Since the opening of the park in 2015, the areas around it have experienced gentrification with housing prices increasing 344% from 2012 to 2019 near the western half of the trail. In response, local alderman passed city ordinances prohibiting replacement of multifamily apartment buildings with single-family detached homes without specific zoning approval and imposing fees on developers who do so. Construction of Encuentro Square, an affordable housing development near the west end of the trail, was approved by the city in May 2022. Local advocacy groups incorporated a community land trust which received funding from the state of Illinois.

==Attractions==
Some attractions within the park include; The Bloomingdale Trail (multi-use path), several nature trails, picnic and seating areas, apiaries, Damen Arts Plaza, Humboldt Overlook, Milwaukee Bridge, St. Louis Overlook, and the Exelon Observatory at Ridgeway.

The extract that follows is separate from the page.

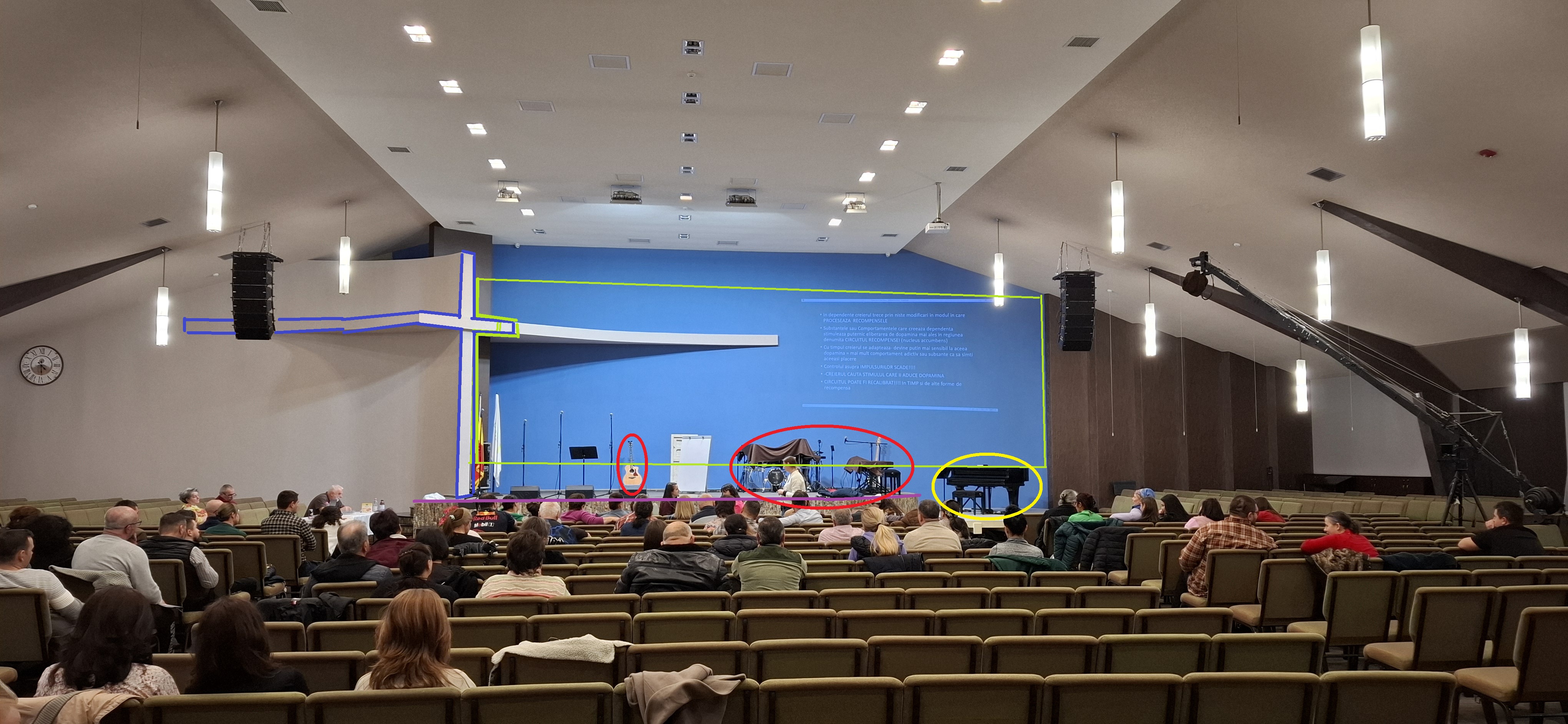 photorealistic architectural rendering of an existing pentecostal church interior stage viewed from the main nave camera position fixed centered symmetrical composition preserve the entire architecture exactly as in the original reference image including ceiling geometry hall volume stage platform pulpit position lighting fixtures acoustic elements and all equipment positions unless explicitly modified below intervention must affect only the blue background wall existing conditions to preserve blue background wall is the intervention surface cross on the left formed by a vertical curved wall element descending from ceiling to stage floor must remain fully visible and unchanged in geometry horizontal gypsum board element representing the cross arm must be shortened significantly so that it becomes minimal ending near the vertical curved cross element without extending toward the center no changes to ceiling stage structure hall geometry or architectural proportions camera angle and perspective must remain identical new architectural intervention on the blue wall integrate a very large led screen occupying almost the entire width and height of the blue wall led screen must extend close to left and right edges and from near stage floor to near ceiling but must not overlap the vertical curved cross element led screen must be bordered at the bottom and top by horizontal black decorative panels placed in the exact same vertical plane as the led screen these black panels must create a clean architectural frame with a visible separation line between led and decorative panels decorative panels must be matte black minimalist elegant modern church design language cross integration the vertical curved cross element on the left must visually flow continuously across the entire wall height remaining clearly visible cross must remain architecturally dominant and unobstructed stage functional reconfiguration main stage must contain only the pulpit place a realistic human figure representing preacher vladimir pustan standing at the pulpit in natural preaching posture all musical instruments must be relocated to a secondary lower platform on the right side in the exact position where the black piano currently exists on this lower right platform place three microphone stands for vocalists atmosphere and realism church hall must be full of people seated and standing realistic congregation led screen must display authentic pentecostal worship imagery singers worshipping raised hands soft stage lighting lighting must be warm cinematic realistic church lighting materials must be physically accurate matte finishes subtle reflections correct shadows style modern minimalist church architecture high realism clean geometry balanced composition professional architectural visualization no exaggerated or futuristic elements
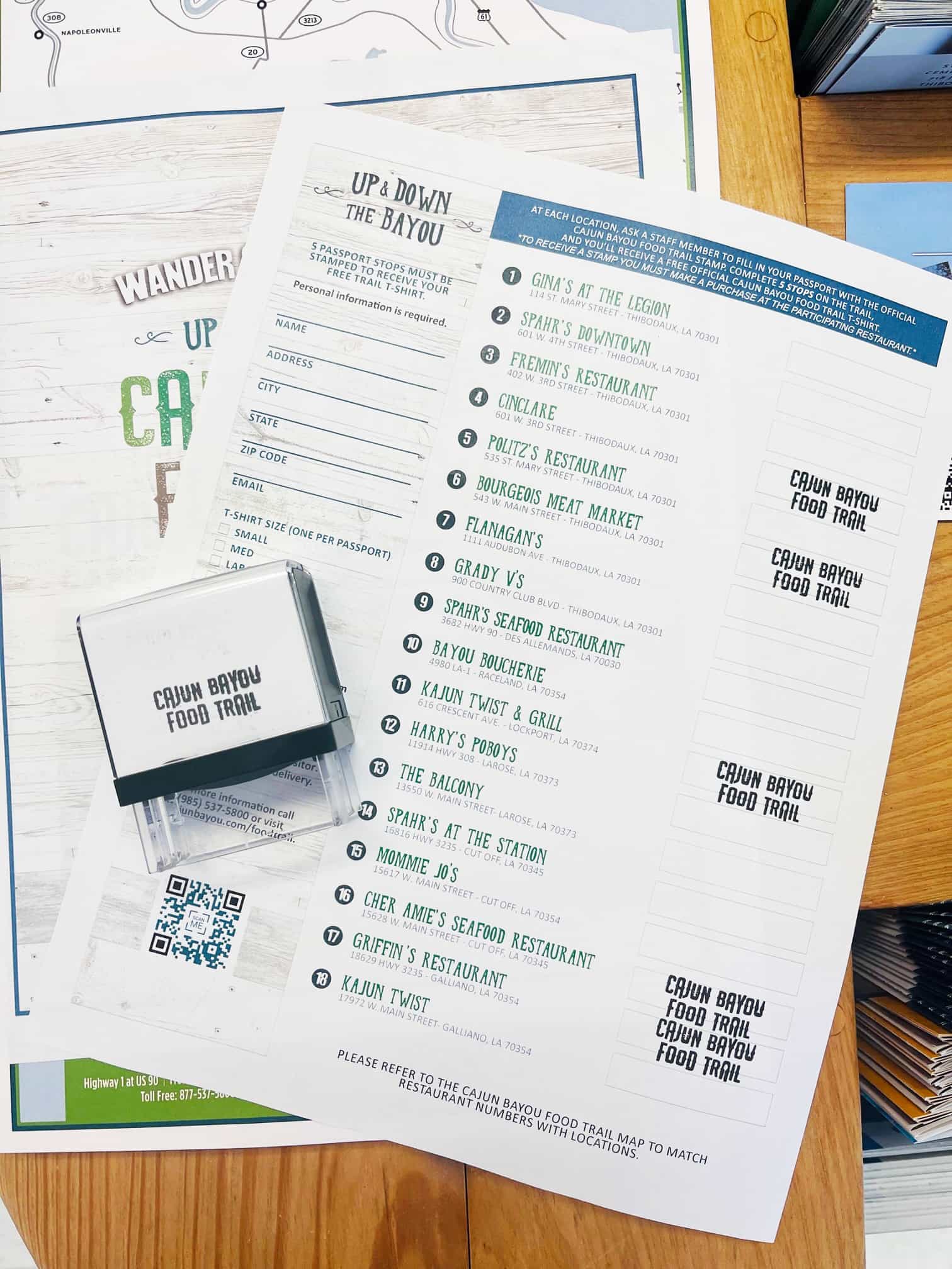 Begin your journey by picking up one of our Cajun Bayou Food Trail (CBFT) Maps & Passports at our Visitor’s Center in Raceland. This will provide you with an inside scoop on the best locally-owned Cajun restaurants. It is also the key to a free CBFT T-Shirt once you’ve stopped at 5 restaurants on the trail.

Bloomingdale Trail Park also connects directly to other neighborhood parks and playgrounds.

==Connections to other parks==
Bloomingdale Trail Park is the backbone of The 606 connecting the multiple parks and trail network together.

===The 606===
The 606 consists of several linked parks along the Bloomingdale Trail including; Bloomingdale Trail Park, Walsh Park, Park No. 512 (Ashland Trailhead), Churchill Field Park, Julia de Burgos Park, and Park No. 567 (Ridgeway Trailhead). The numeric name is an homage to the city's ZIP Codes, the prefix for nearly all of which is 606.

==Bloomingdale Trail==

Bicycling west to east on the Bloomingdale Trail

The Bloomingdale Trail, part of the 606 Trail network, is a 2.7-mile (4.3 km) multi-use rail trail operated by the Chicago Park District that follows the former Bloomingdale rail line running east–west throughout the park between Ashland Avenue and Ridgeway Avenue. The surface of the trail is concrete with a blue rubberized running path flanking each side and is used by walkers, runners, and cyclists during park operating hours. The trail runs from east–west, Park No. 512 (Ashland Trailhead)/Walsh Park though Bloomingdale Trail Park to Park No. 579 (Ridgeway Trailhead) with several access points throughout.

===Extension===
In August 2023, Chicago Department of Transportation unveiled a plan to extend the Bloomingdale Trail east of Ashland Avenue. The plan is to take the trail over Ashland Avenue, underneath the Kennedy Expressway, and under the Metra rail lines corridor to connect with Elston Avenue, and eventually across the Chicago River connecting to the Lincoln Park neighborhood. The extension is planned to be completed by late 2027.